[[ Supplied information, beginning ]]
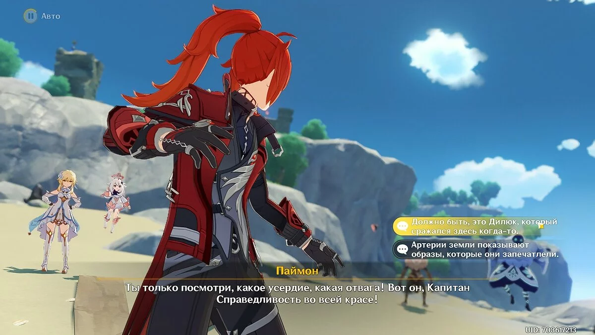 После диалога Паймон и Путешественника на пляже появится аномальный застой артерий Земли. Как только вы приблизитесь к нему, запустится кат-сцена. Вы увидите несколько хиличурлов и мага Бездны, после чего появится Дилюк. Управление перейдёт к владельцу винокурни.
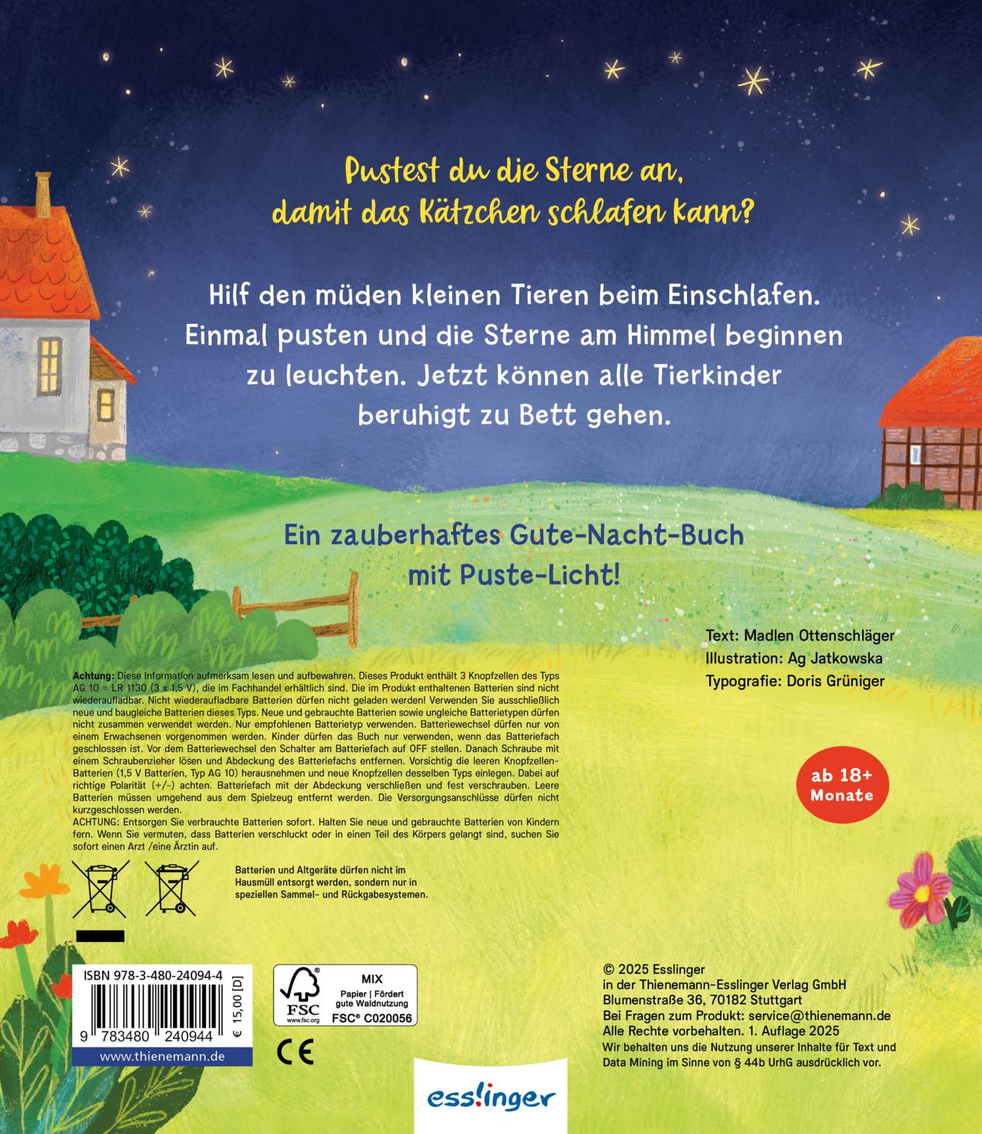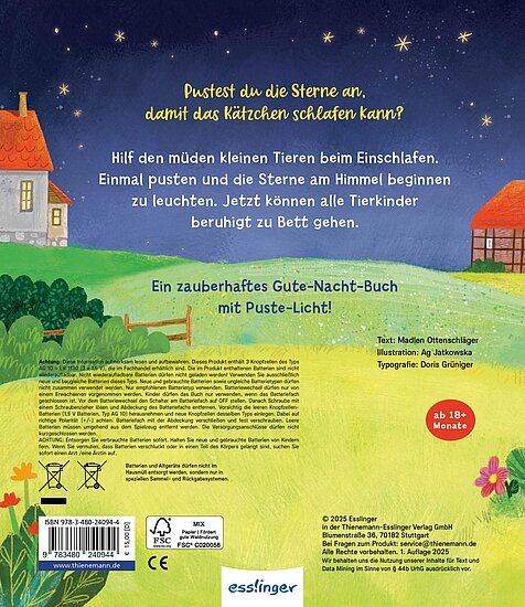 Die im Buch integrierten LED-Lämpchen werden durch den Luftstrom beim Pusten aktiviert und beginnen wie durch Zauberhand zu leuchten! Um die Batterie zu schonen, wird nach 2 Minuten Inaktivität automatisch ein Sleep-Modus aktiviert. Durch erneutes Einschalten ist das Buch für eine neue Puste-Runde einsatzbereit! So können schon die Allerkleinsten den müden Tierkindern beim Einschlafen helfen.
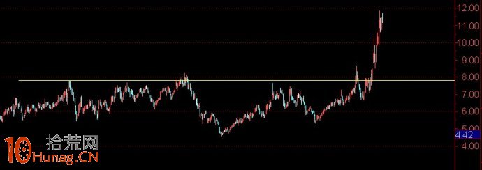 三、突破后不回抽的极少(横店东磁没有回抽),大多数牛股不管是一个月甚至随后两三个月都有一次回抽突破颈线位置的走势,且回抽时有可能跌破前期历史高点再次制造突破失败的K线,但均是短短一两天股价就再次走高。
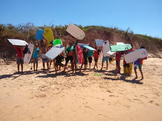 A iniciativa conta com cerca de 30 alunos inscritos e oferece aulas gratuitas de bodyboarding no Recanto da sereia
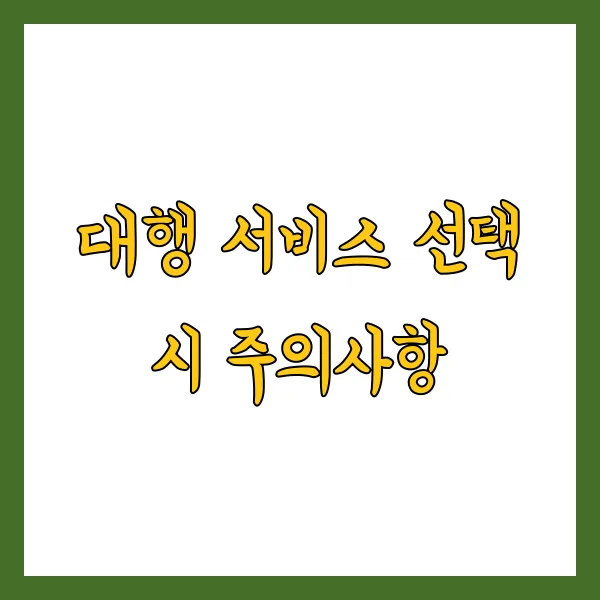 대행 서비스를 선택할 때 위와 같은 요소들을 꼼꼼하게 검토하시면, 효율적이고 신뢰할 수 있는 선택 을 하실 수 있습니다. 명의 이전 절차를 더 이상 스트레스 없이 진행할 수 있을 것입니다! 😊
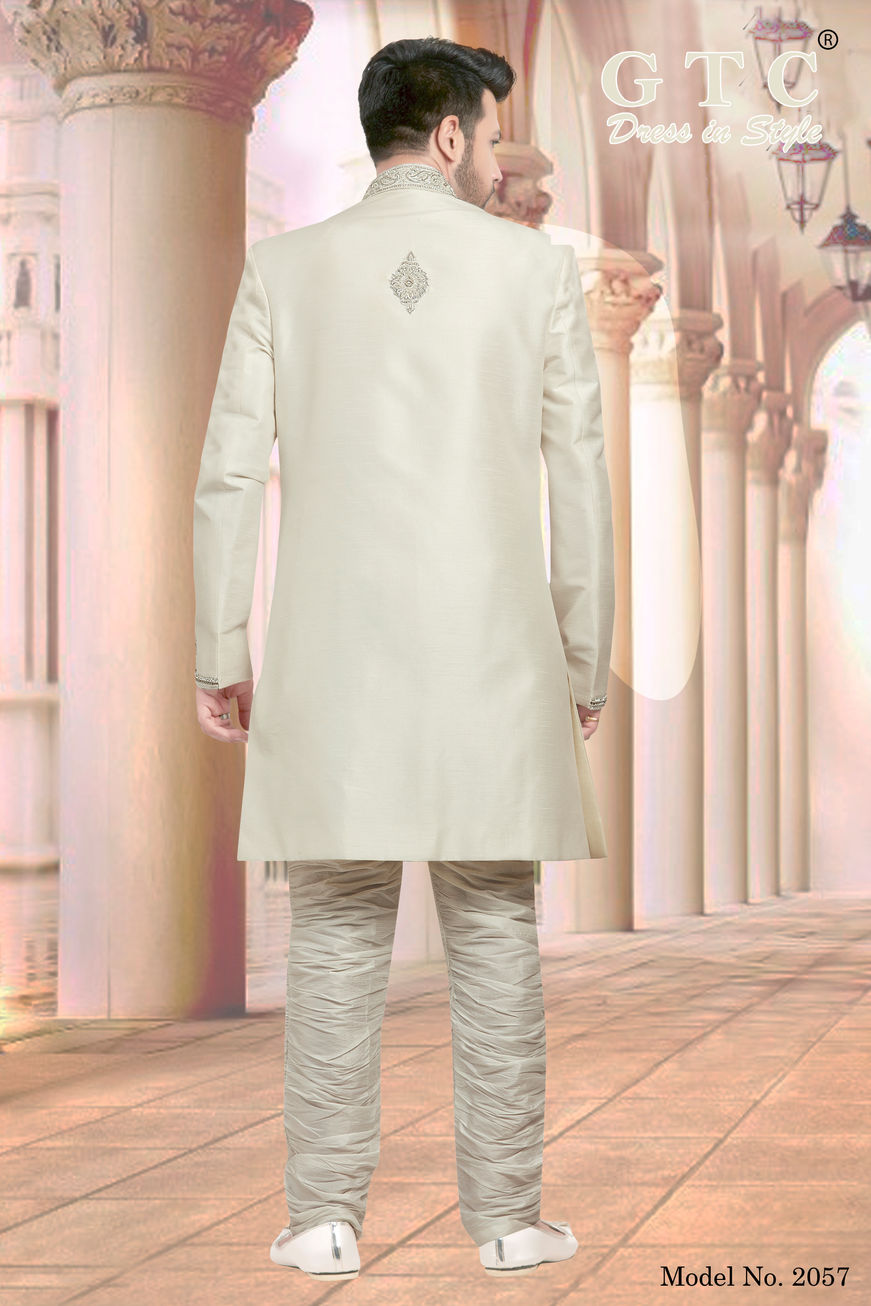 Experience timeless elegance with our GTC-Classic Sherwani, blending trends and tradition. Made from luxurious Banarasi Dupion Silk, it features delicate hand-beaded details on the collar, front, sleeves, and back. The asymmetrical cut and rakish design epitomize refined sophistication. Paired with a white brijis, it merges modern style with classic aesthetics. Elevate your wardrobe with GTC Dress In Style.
[[ Supplied information, end ]]
What you have to do:
Retype the lines above exactly as they appear, from the line containing "三、突破后不回抽的极少(横店" through the line containing "대행 서비스를 선택할", and leave out any pictures.

Task solution:
 三、突破后不回抽的极少(横店东磁没有回抽),大多数牛股不管是一个月甚至随后两三个月都有一次回抽突破颈线位置的走势,且回抽时有可能跌破前期历史高点再次制造突破失败的K线,但均是短短一两天股价就再次走高。
 A iniciativa conta com cerca de 30 alunos inscritos e oferece aulas gratuitas de bodyboarding no Recanto da sereia
 대행 서비스를 선택할 때 위와 같은 요소들을 꼼꼼하게 검토하시면, 효율적이고 신뢰할 수 있는 선택 을 하실 수 있습니다. 명의 이전 절차를 더 이상 스트레스 없이 진행할 수 있을 것입니다! 😊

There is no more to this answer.